I assume that you, with "creating a new array in the main function" mean something like this:
int main(int argc, const char *argv[])
{
char unsorted_array[ARRAY_SIZE];
// ... Code
}
Any variable, (trivial, pointer or array) located on the stack is kept while calling another function, but any variable located on the stack by the called function is invalidated when the function returns.
But: a pointer located on the stack may point to an array on the heap. That is if the array is either allocated by malloc(), being declared as static inside the function, or being a global variable. In that case, the content of the array is of course kept as the function returns, and can be made available to the calling function by e.g returning the pointer. Only the pointer (e.g. typically 4 bytes) is copied to the calling function stack as the function returns, not the array which the pointer points to.
Similarly, an array located on the stack may be made available to a called function, by supplying the called function with a pointer to the array, just as you do. What is copied to the called function's stack, is only the pointer (4 bytes), hence the called function may access and modify the array, and the array itself is not invalidated as the function returns.
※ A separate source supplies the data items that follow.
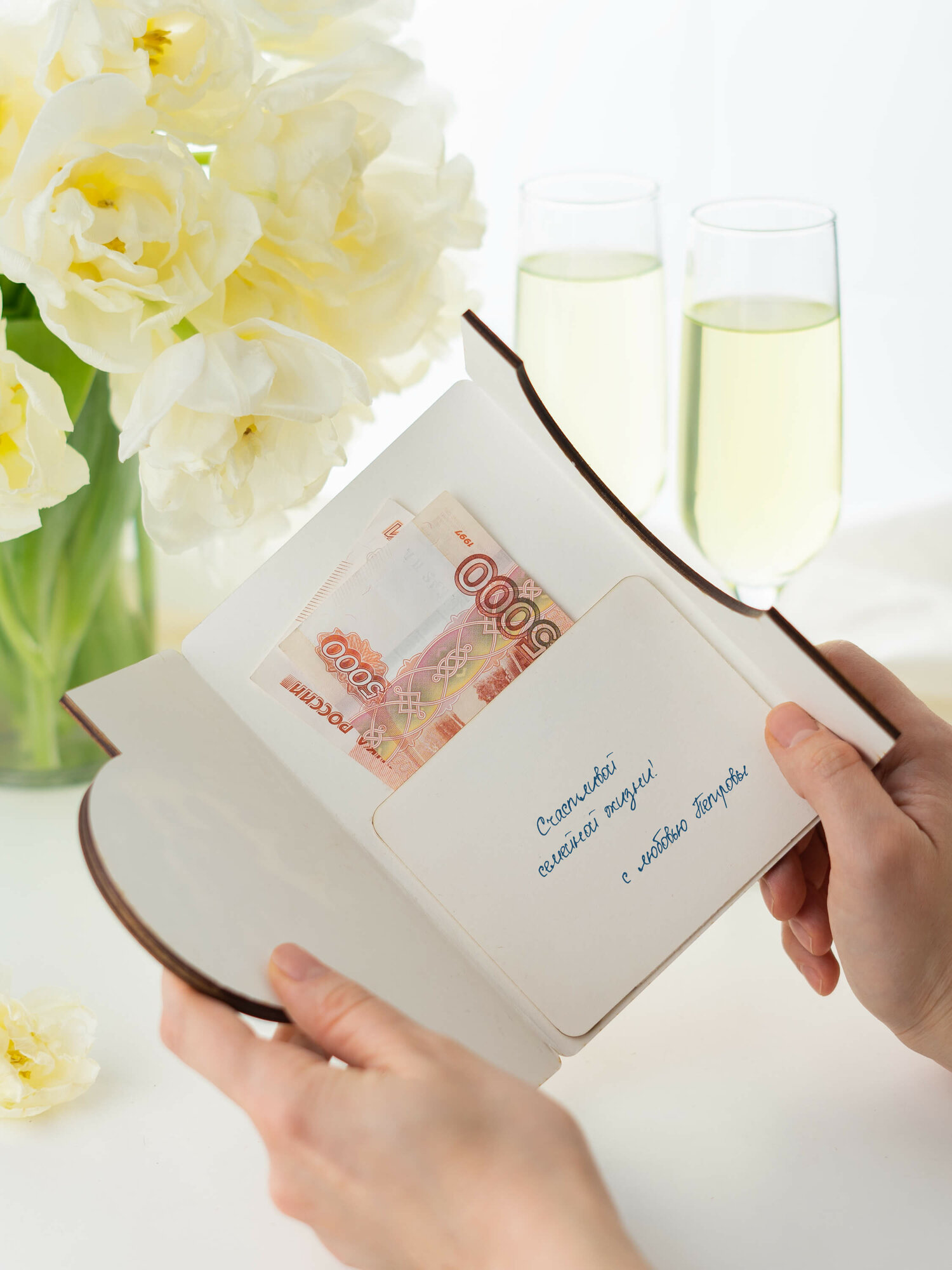 Деревянная открытка для денег на свадьбу l Купюрница из дерева, 17х10 см
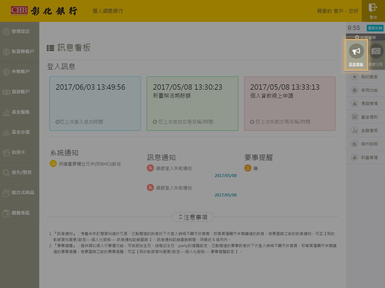 1.進入「訊息看板」功能,點選「系統通知」下的【保護重要欄位元件(防BHO)設定】功能
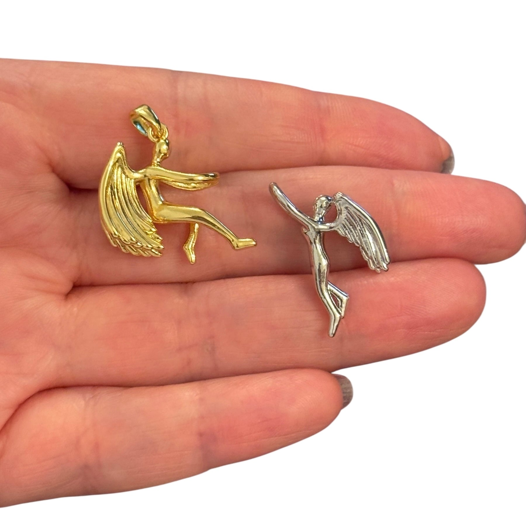 Crafted from high-quality brass with a luxurious two-tone finish24K gold plating and rhodium plating — the figures intertwine to form a single, inseparable design. Only one angel includes a bail, reinforcing the powerful symbolism of one love, one bond, one destiny.
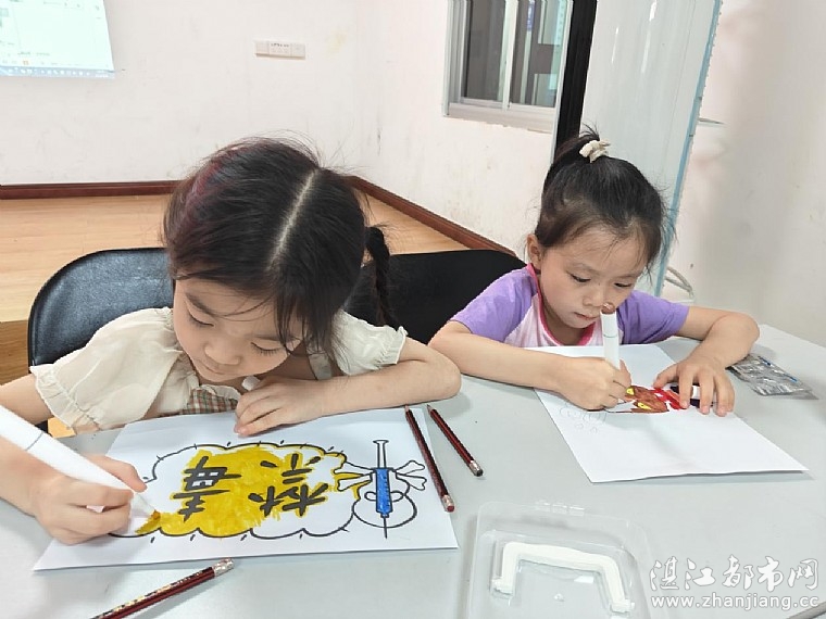 随后,情暖湛江志愿者引导孩子们发挥想象力和创造力,围绕“防范青少年药物滥用”主题进行创意绘画。孩子们拿起画笔,有的描绘毒品的危害性,有的描绘各种毒品的禁止标志等,生动形象的作品,展现了毒品对个人、家庭、社会的危害,表达了孩子们远离毒品的决心。

NB: in C, when invoking a function declared as
void afun(char anarray[ARRAY_SIZE);
the compiler implicitly treats the function as if it was declared as
void afun(char *anarray);
i.e. calling afun only copies the pointer, not the array to the called function's stack.
Lets say I have the following situation (some rough pseudocode):
struct {
int i;
} x
main(){
x** array = malloc(size of x pointer); // pointer to an array of pointers of type x
int* size = current size of x // (initally 0)
add(array, size);
}
add(x** array, int* size){ // adds one actual element to the array
x** temp = realloc(array, (*size)+1); // increase the array size by one
free(array);
array = temp;
// My question is targeted here
array[*size] = malloc(size of x); // makes a pointer to the value
array[*size]->i = size;
*size++;
}
My question is: Once add() is finished, do the values of the pointers stored in array disappear along with the function call stack, since I allocated them inside func()? I fear that they might, in which case would there be a better way for me to do things?
No, they don't. They persist until the pointer returned by malloc() is passed to the corresponding free() function. There would be no point in the existence of the malloc() function if it worked the same way as automatic arrays.
Edit: sidenote. As #Ancurio pointer it out, you're incorrectly freeing the memory behind the previous pointer returned by malloc() which is at that time invalid as realloc() has been used on it. Don't do that. realloc() does its job properly.)